** What you will do **
Begin at the line that holds "上海麦新物流中心(有限合伙)" and copy each line exactly until the data below ends, including that last line but no pictures.

(Records drawn from a dataset)
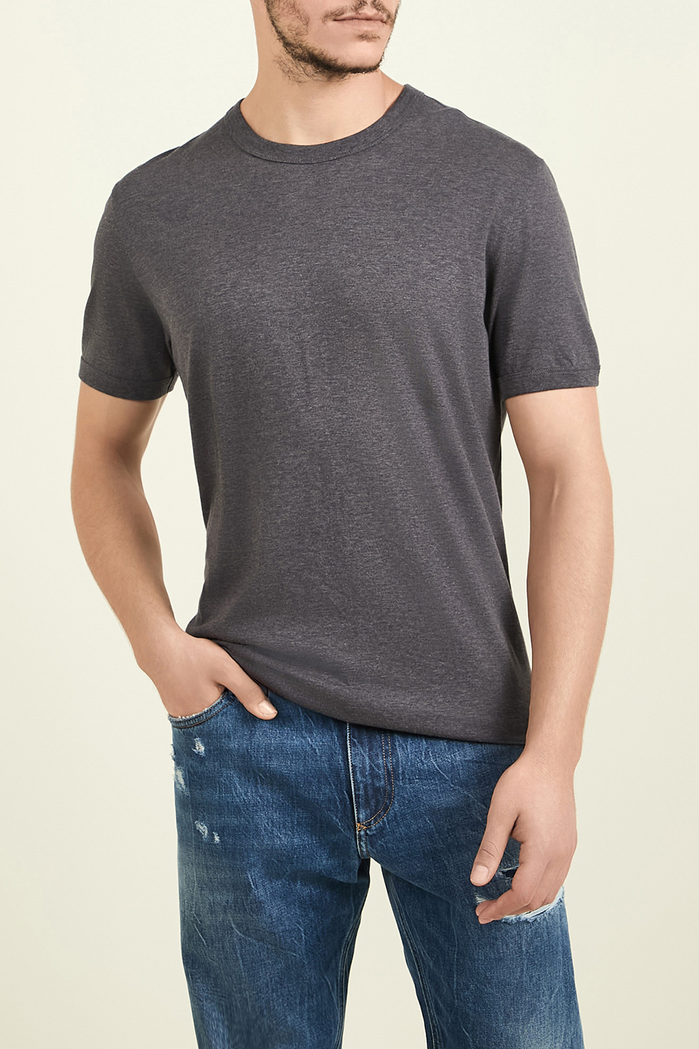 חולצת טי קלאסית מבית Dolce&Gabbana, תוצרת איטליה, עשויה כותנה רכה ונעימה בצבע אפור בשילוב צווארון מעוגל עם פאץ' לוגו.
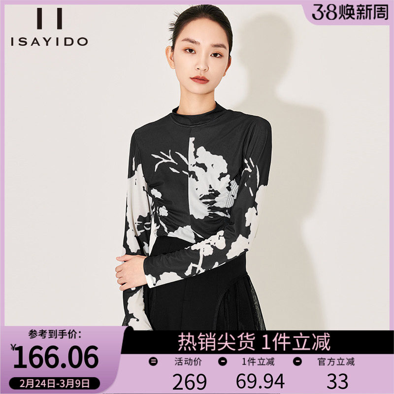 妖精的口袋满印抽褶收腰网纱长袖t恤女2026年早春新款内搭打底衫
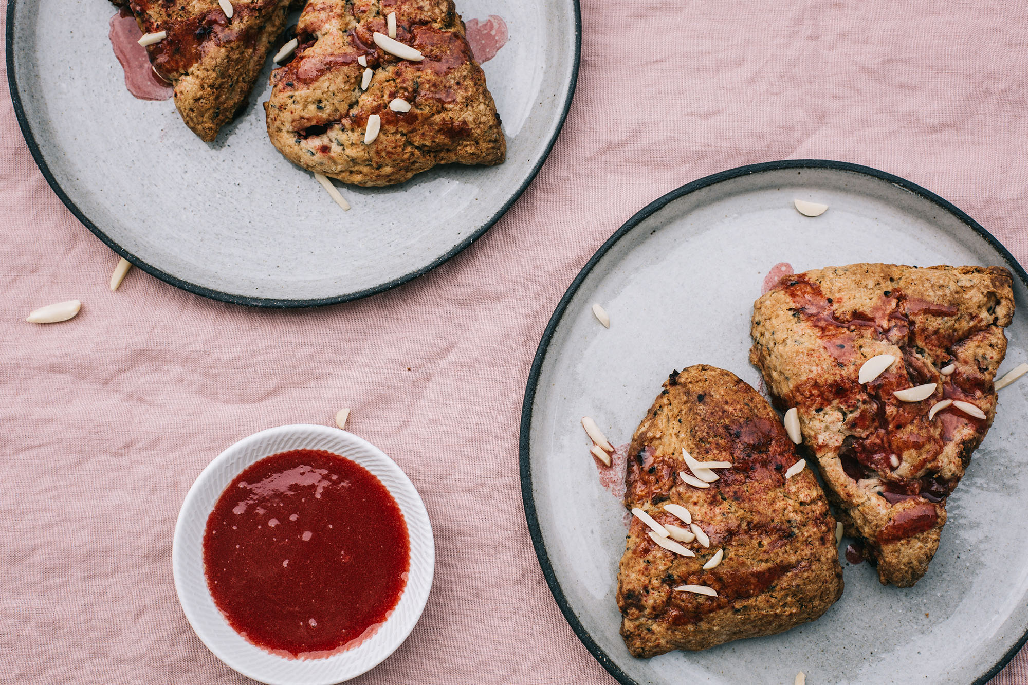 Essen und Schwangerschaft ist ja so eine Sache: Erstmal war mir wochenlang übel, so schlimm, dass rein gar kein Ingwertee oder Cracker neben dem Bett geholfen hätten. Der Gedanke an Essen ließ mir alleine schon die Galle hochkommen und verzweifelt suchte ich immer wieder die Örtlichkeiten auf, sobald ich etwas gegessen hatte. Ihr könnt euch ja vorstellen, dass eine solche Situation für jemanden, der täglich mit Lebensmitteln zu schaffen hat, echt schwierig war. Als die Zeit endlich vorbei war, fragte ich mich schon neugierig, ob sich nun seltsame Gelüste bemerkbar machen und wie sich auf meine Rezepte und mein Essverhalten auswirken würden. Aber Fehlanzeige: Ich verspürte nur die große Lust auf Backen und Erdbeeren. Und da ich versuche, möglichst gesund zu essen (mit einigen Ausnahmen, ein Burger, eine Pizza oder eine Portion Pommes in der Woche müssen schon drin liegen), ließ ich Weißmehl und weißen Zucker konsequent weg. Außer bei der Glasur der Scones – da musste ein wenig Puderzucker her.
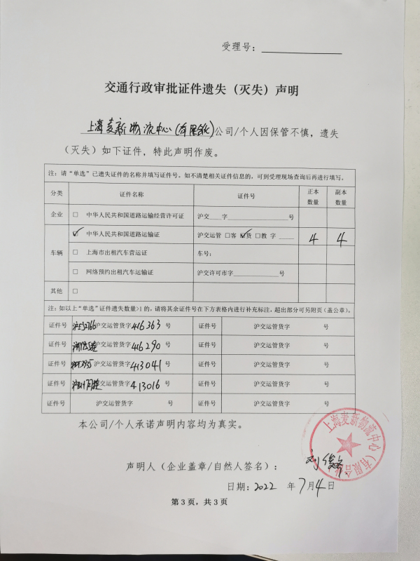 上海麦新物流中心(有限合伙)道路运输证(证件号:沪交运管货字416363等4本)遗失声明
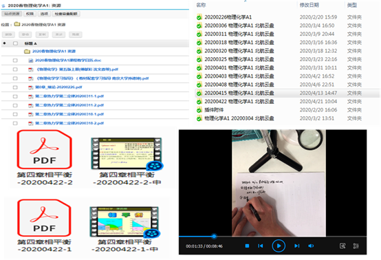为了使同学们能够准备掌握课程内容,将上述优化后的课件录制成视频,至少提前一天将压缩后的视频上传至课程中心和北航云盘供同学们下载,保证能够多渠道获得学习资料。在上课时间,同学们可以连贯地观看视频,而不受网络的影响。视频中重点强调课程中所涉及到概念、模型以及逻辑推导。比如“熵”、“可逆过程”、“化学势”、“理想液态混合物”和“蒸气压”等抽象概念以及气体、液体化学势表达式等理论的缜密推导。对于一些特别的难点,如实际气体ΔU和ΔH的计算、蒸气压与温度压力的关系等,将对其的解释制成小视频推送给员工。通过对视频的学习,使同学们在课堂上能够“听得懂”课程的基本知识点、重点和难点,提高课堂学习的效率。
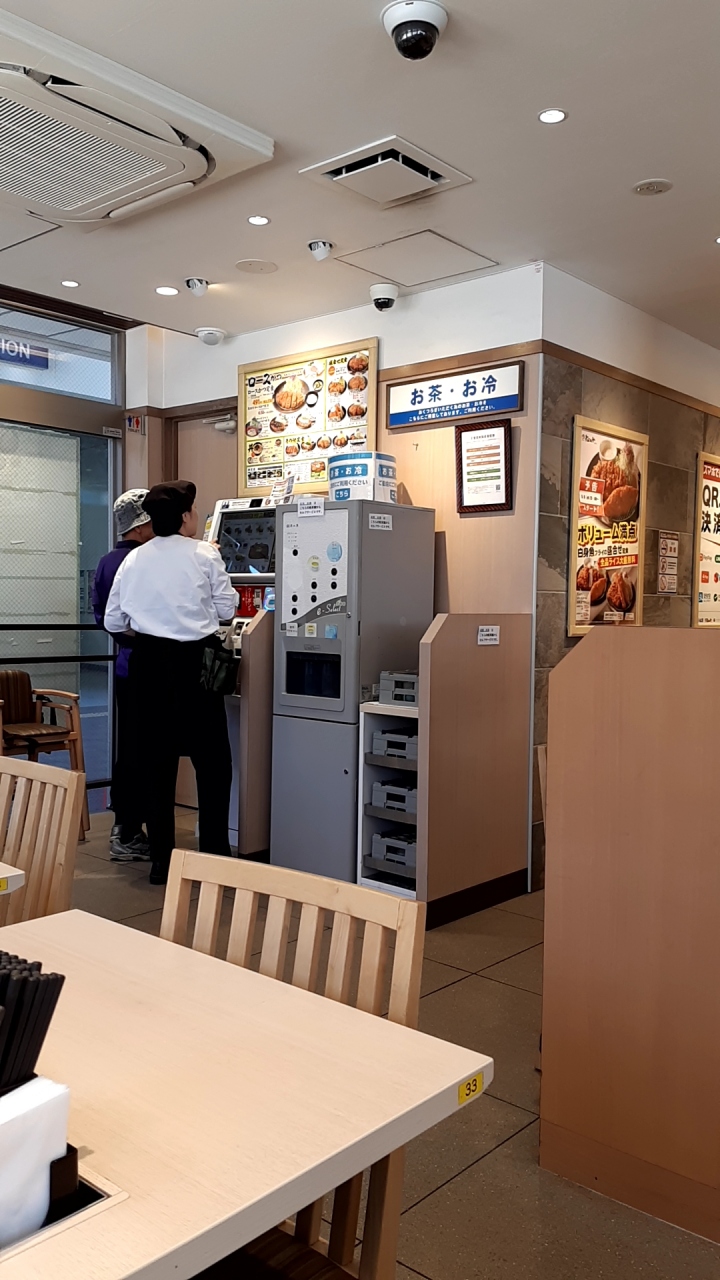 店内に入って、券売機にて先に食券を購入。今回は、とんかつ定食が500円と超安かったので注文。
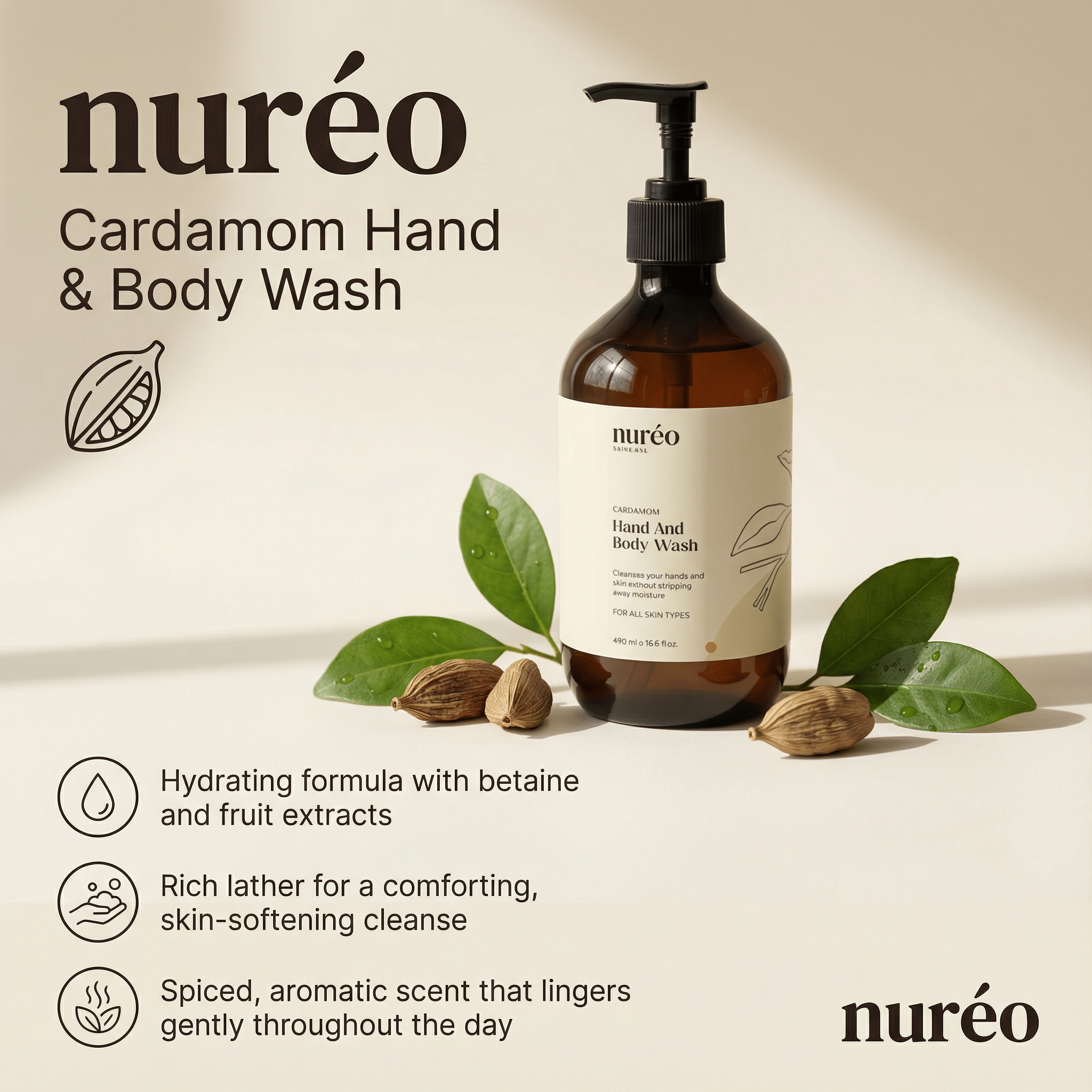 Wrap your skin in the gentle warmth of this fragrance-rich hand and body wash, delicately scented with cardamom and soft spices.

** Worked solution **
 上海麦新物流中心(有限合伙)道路运输证(证件号:沪交运管货字416363等4本)遗失声明
为了使同学们能够准备掌握课程内容,将上述优化后的课件录制成视频,至少提前一天将压缩后的视频上传至课程中心和北航云盘供同学们下载,保证能够多渠道获得学习资料。在上课时间,同学们可以连贯地观看视频,而不受网络的影响。视频中重点强调课程中所涉及到概念、模型以及逻辑推导。比如“熵”、“可逆过程”、“化学势”、“理想液态混合物”和“蒸气压”等抽象概念以及气体、液体化学势表达式等理论的缜密推导。对于一些特别的难点,如实际气体ΔU和ΔH的计算、蒸气压与温度压力的关系等,将对其的解释制成小视频推送给员工。通过对视频的学习,使同学们在课堂上能够“听得懂”课程的基本知识点、重点和难点,提高课堂学习的效率。
 店内に入って、券売機にて先に食券を購入。今回は、とんかつ定食が500円と超安かったので注文。
 Wrap your skin in the gentle warmth of this fragrance-rich hand and body wash, delicately scented with cardamom and soft spices.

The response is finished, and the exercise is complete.